THE PROBLEM: Repeat only the lines below that run from the line with "安装好PyQt5和PyQt5-tools成功后,还需要配置相关的环境变量。" to the line with "Funda de Cuero", ends included; skip every picture.

TASK INPUT:
[Start of section]
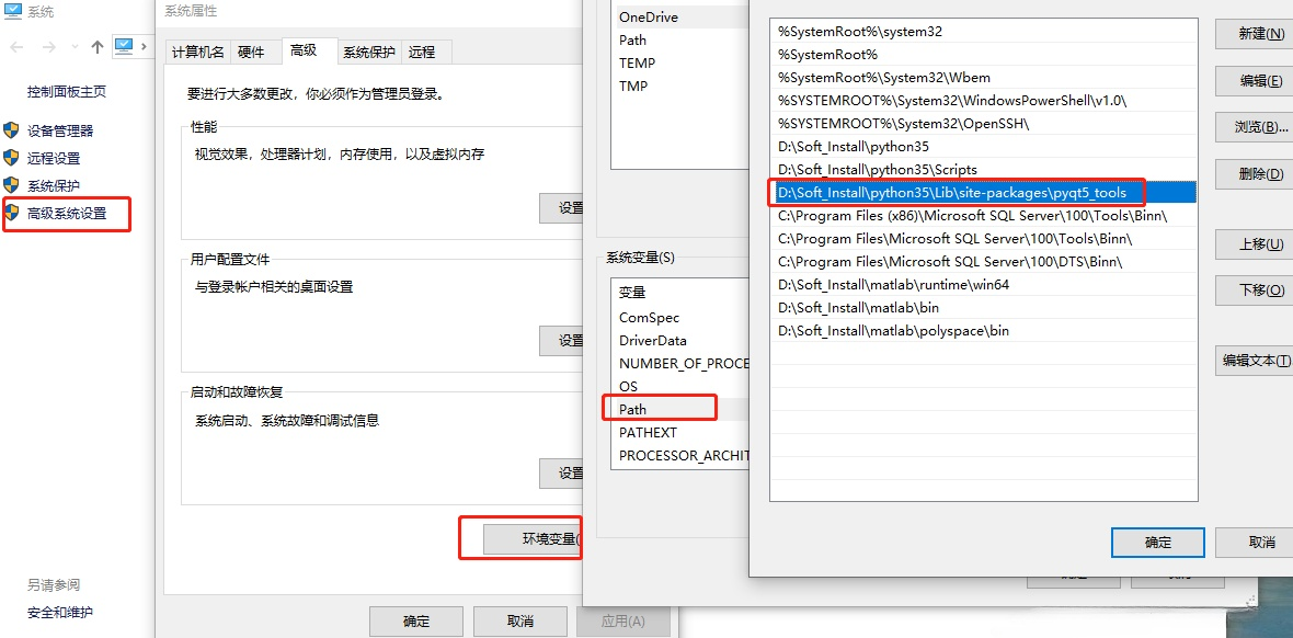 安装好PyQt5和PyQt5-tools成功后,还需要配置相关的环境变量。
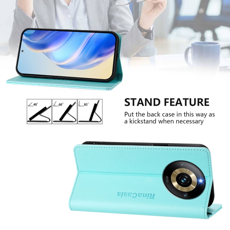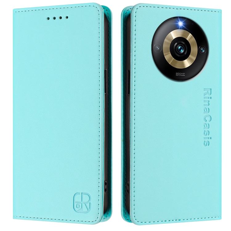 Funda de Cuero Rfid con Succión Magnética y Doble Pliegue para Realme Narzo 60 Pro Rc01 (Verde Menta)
[End of section]
[Start of section]
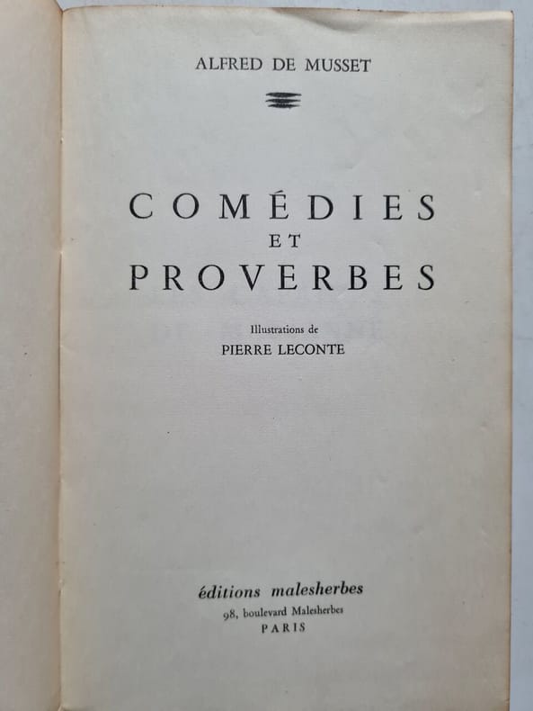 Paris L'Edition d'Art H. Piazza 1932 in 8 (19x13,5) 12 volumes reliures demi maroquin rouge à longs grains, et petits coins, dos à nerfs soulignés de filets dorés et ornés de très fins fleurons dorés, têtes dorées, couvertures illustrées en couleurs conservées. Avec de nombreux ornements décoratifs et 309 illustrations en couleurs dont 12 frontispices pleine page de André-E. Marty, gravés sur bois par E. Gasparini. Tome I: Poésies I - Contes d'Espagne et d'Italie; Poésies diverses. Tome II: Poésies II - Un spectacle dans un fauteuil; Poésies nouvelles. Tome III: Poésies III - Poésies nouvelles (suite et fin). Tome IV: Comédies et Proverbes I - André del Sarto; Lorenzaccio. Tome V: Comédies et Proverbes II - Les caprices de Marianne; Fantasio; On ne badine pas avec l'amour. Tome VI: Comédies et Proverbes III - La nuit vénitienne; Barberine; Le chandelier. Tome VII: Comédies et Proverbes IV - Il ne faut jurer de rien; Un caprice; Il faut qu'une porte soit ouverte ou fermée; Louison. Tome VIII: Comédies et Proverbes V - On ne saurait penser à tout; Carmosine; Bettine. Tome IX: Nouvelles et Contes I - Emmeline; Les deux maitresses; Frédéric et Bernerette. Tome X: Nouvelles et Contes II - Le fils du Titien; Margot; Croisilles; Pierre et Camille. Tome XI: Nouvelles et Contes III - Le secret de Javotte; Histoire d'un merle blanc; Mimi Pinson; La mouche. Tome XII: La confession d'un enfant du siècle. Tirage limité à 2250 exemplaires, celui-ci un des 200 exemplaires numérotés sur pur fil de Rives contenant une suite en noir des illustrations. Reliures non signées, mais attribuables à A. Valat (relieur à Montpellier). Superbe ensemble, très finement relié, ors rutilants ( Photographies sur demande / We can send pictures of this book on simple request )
[End of section]
SOLVED PROBLEM:
 安装好PyQt5和PyQt5-tools成功后,还需要配置相关的环境变量。
 Funda de Cuero Rfid con Succión Magnética y Doble Pliegue para Realme Narzo 60 Pro Rc01 (Verde Menta)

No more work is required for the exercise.